- Born: September 4, 1928 Forest Hills, New York, U.S.
- Died: November 14, 2016 (aged 88) Hilton Head Island, South Carolina, U.S.
- Occupations: artist, illustrator

= Joseph Bowler =

American artist and illustrator (1928–2016)

Joseph Bowler Jr. (September 4, 1928 – November 14, 2016) was an American artist and illustrator.

==Biography==
Joseph Bowler Jr. was born on September 4, 1928. He was a regular illustrator for the likes of Cosmopolitan Magazine and Ladies' Home Journal in the Second Illustrative Golden Age after the Second World War. In 1958, Bowler was stricken with polio.
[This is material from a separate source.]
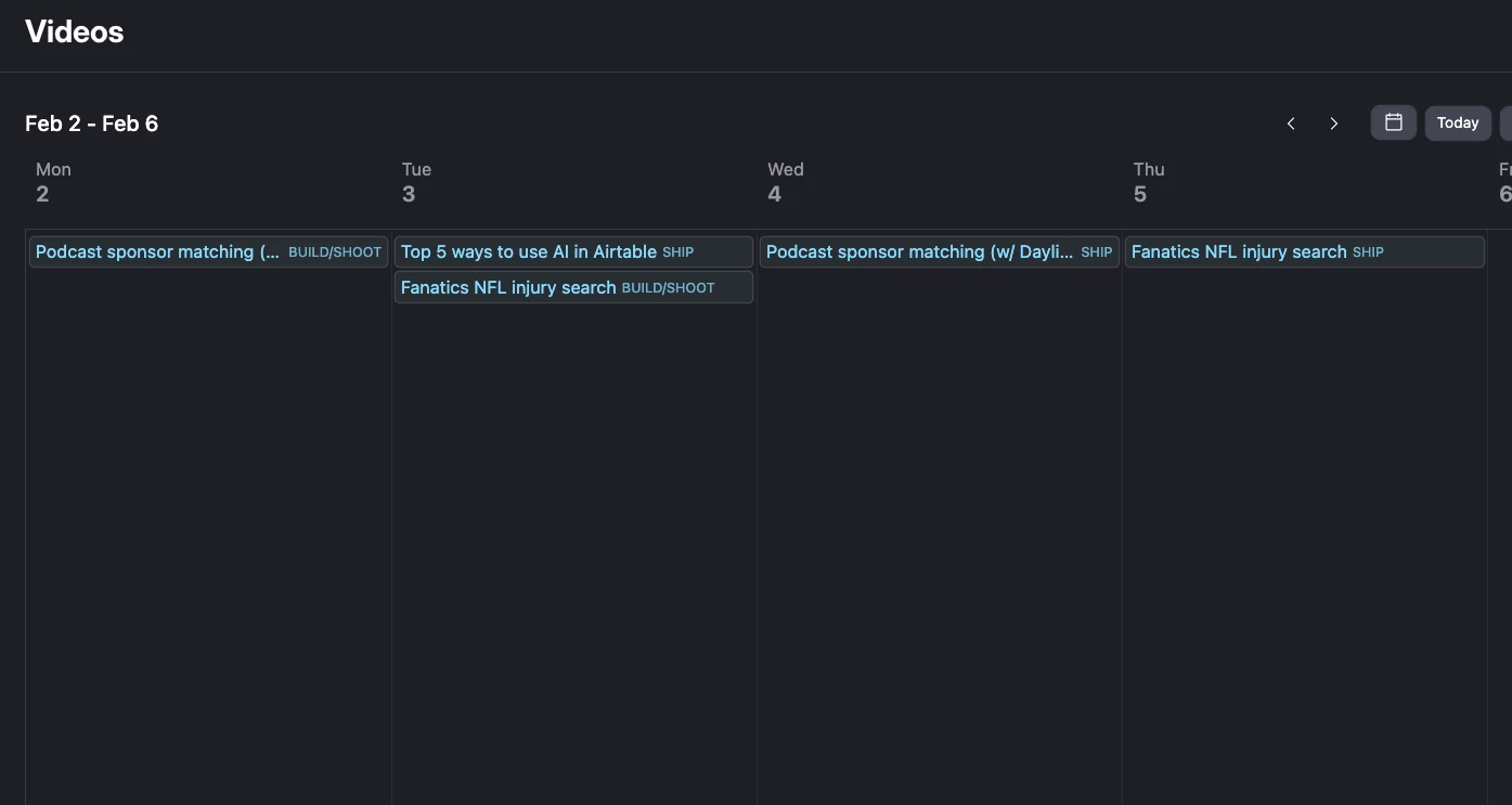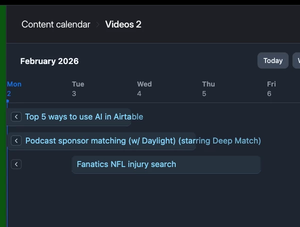 I’ve tried using standard filters and Interfaces, but I’m not very experienced with Interfaces yet, and my attempts have not worked as expected. I also noticed that a competitor seems to have a similar 7-day operational view, but I haven’t been able to figure out how to achieve this in Airtable.

An apprentice of the Charles E. Cooper Art Studio in New York, Bowler was named The Artists' Guild of New York Artist of the Year in 1967. The award was a break for Bowler, who between 1968 and 1971 illustrated Rose Fitzgerald Kennedy for Ladies' Home Journal, and David Eisenhower and his wife Julie for The Saturday Evening Post.

Bowler was named in the Society of Illustrators Hall of Fame in 1992.

Joseph Bowler died at his home on Hilton Head Island, South Carolina, on November 14, 2016. He was 88.